(Stored dataset items)
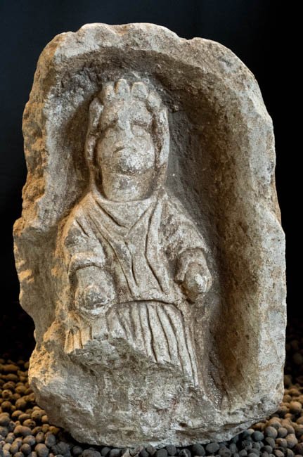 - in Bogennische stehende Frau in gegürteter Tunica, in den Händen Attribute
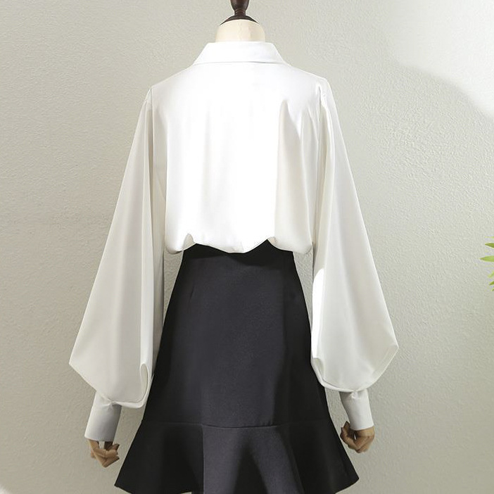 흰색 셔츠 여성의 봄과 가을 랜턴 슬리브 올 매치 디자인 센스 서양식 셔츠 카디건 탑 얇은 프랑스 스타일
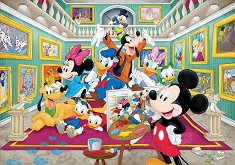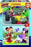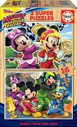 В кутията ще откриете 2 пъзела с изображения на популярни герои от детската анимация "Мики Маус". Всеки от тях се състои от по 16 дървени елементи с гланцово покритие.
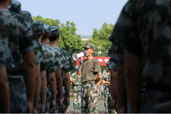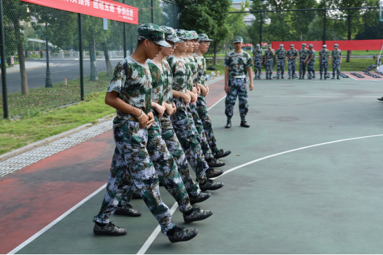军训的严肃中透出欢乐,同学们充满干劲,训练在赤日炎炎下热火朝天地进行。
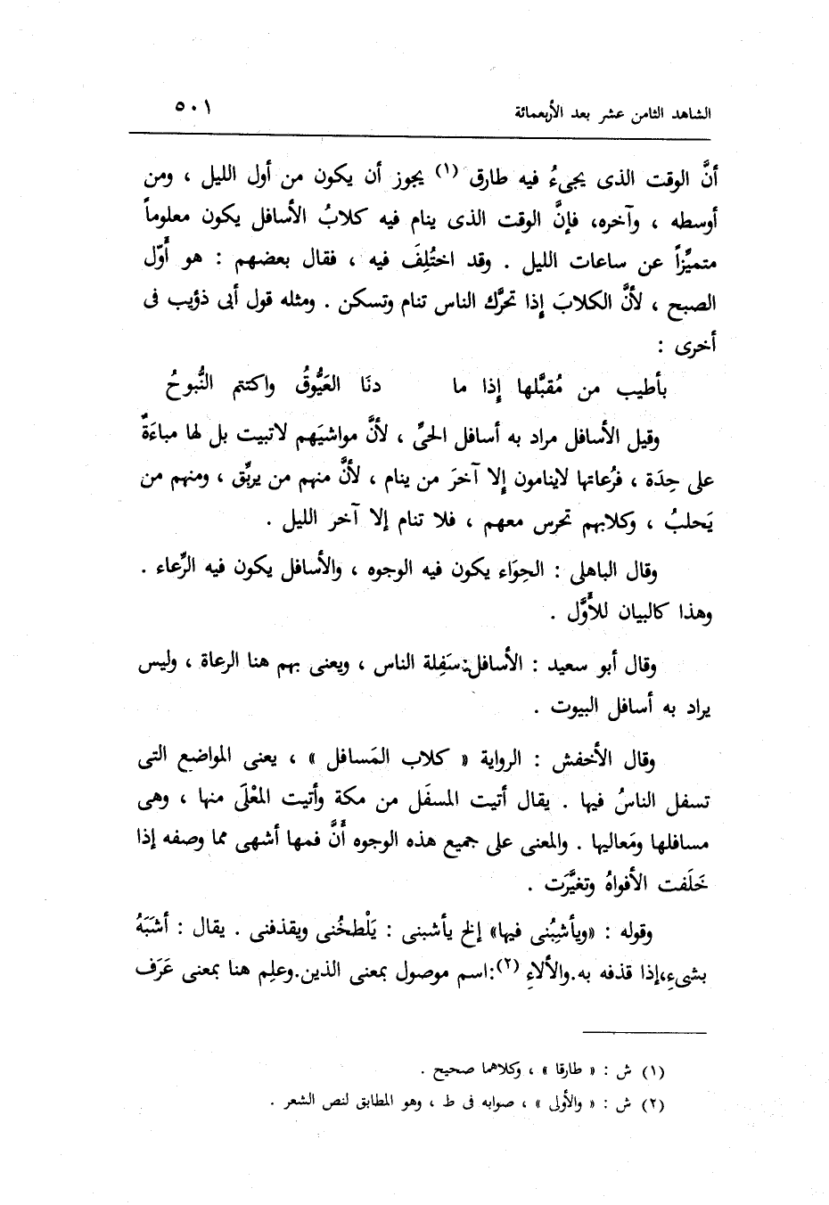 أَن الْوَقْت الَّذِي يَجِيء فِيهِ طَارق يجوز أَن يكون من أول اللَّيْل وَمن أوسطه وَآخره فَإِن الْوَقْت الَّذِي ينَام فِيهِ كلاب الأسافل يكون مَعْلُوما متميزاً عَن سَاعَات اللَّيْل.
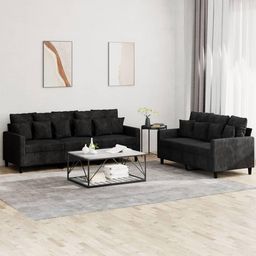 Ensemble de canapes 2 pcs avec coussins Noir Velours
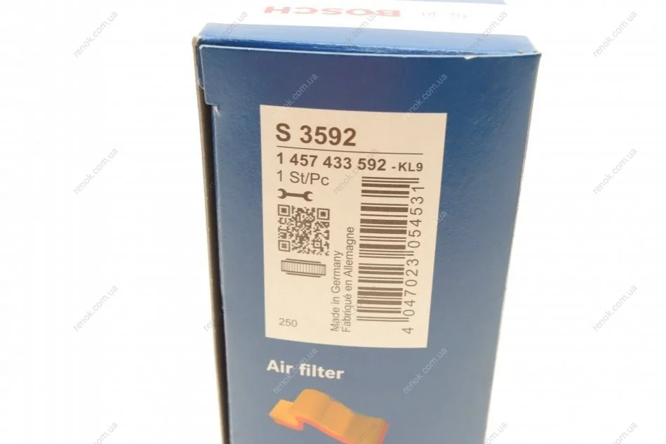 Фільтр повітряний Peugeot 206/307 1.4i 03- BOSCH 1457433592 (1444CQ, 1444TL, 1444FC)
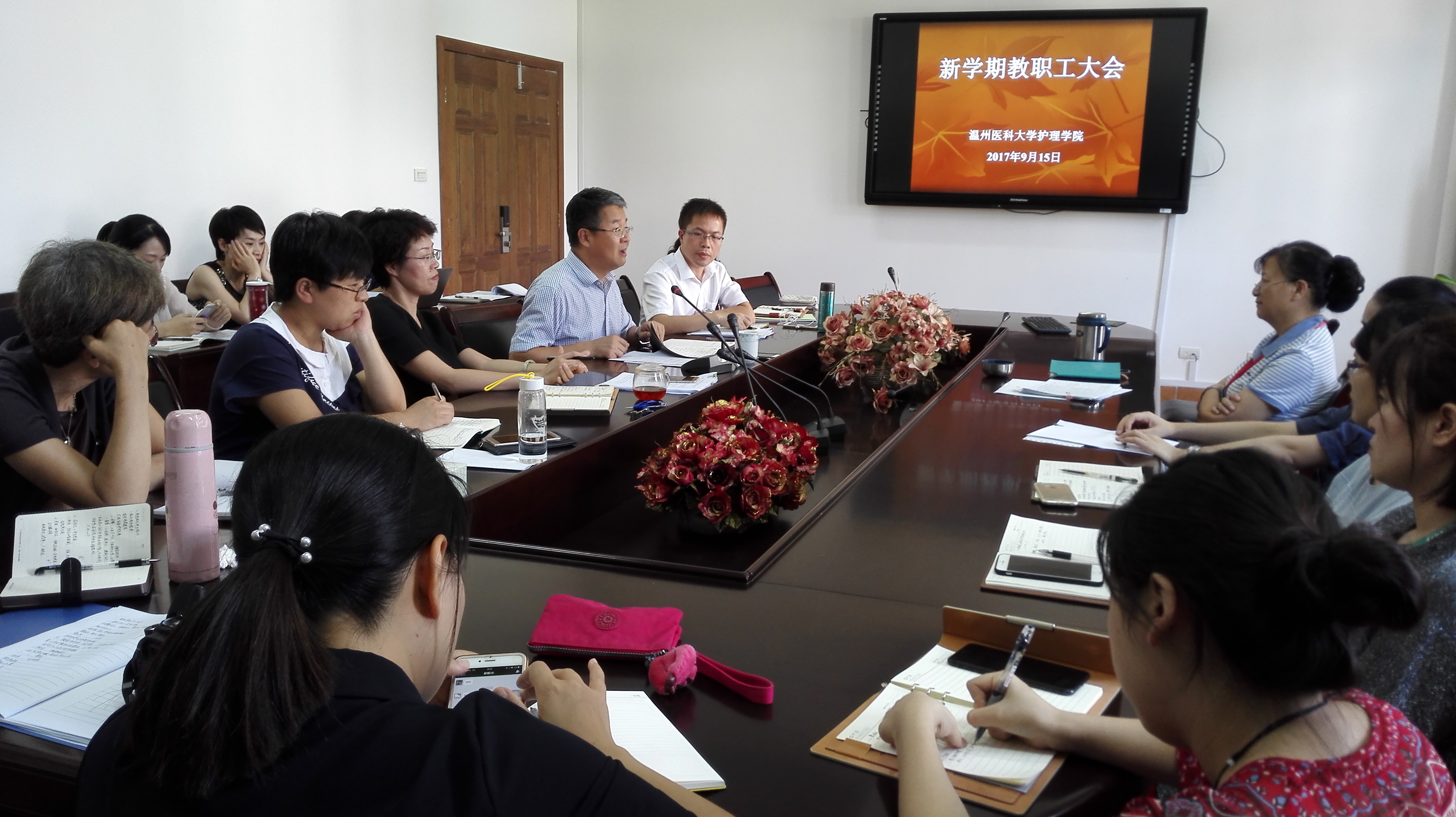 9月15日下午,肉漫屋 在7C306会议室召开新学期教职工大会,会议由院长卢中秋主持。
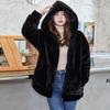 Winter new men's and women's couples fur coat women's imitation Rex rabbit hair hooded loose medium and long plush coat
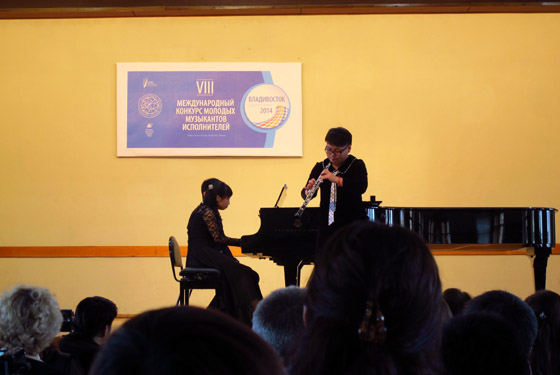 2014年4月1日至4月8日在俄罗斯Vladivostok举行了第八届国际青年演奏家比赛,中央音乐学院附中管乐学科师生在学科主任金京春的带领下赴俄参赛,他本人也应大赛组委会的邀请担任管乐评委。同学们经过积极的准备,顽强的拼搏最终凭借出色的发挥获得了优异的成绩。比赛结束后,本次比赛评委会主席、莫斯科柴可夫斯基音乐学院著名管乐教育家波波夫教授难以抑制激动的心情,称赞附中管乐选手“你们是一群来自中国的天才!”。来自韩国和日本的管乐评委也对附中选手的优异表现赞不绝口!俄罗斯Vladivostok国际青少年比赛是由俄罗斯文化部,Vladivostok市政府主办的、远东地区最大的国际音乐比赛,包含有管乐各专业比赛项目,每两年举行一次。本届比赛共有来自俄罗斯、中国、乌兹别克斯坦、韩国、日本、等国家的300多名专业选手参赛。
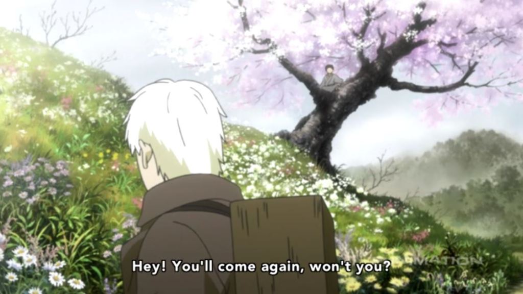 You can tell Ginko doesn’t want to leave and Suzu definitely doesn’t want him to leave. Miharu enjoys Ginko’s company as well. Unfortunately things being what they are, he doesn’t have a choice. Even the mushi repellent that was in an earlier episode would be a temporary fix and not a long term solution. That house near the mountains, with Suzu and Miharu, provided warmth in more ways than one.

▸ **Problem details**
Repeat the records above exactly. No pictures go into the repeat.

▸ **Response below**
 - in Bogennische stehende Frau in gegürteter Tunica, in den Händen Attribute
 흰색 셔츠 여성의 봄과 가을 랜턴 슬리브 올 매치 디자인 센스 서양식 셔츠 카디건 탑 얇은 프랑스 스타일
 В кутията ще откриете 2 пъзела с изображения на популярни герои от детската анимация "Мики Маус". Всеки от тях се състои от по 16 дървени елементи с гланцово покритие.
军训的严肃中透出欢乐,同学们充满干劲,训练在赤日炎炎下热火朝天地进行。
 أَن الْوَقْت الَّذِي يَجِيء فِيهِ طَارق يجوز أَن يكون من أول اللَّيْل وَمن أوسطه وَآخره فَإِن الْوَقْت الَّذِي ينَام فِيهِ كلاب الأسافل يكون مَعْلُوما متميزاً عَن سَاعَات اللَّيْل.
 Ensemble de canapes 2 pcs avec coussins Noir Velours
 Фільтр повітряний Peugeot 206/307 1.4i 03- BOSCH 1457433592 (1444CQ, 1444TL, 1444FC)
 9月15日下午,肉漫屋 在7C306会议室召开新学期教职工大会,会议由院长卢中秋主持。
 Winter new men's and women's couples fur coat women's imitation Rex rabbit hair hooded loose medium and long plush coat
 2014年4月1日至4月8日在俄罗斯Vladivostok举行了第八届国际青年演奏家比赛,中央音乐学院附中管乐学科师生在学科主任金京春的带领下赴俄参赛,他本人也应大赛组委会的邀请担任管乐评委。同学们经过积极的准备,顽强的拼搏最终凭借出色的发挥获得了优异的成绩。比赛结束后,本次比赛评委会主席、莫斯科柴可夫斯基音乐学院著名管乐教育家波波夫教授难以抑制激动的心情,称赞附中管乐选手“你们是一群来自中国的天才!”。来自韩国和日本的管乐评委也对附中选手的优异表现赞不绝口!俄罗斯Vladivostok国际青少年比赛是由俄罗斯文化部,Vladivostok市政府主办的、远东地区最大的国际音乐比赛,包含有管乐各专业比赛项目,每两年举行一次。本届比赛共有来自俄罗斯、中国、乌兹别克斯坦、韩国、日本、等国家的300多名专业选手参赛。
 You can tell Ginko doesn’t want to leave and Suzu definitely doesn’t want him to leave. Miharu enjoys Ginko’s company as well. Unfortunately things being what they are, he doesn’t have a choice. Even the mushi repellent that was in an earlier episode would be a temporary fix and not a long term solution. That house near the mountains, with Suzu and Miharu, provided warmth in more ways than one.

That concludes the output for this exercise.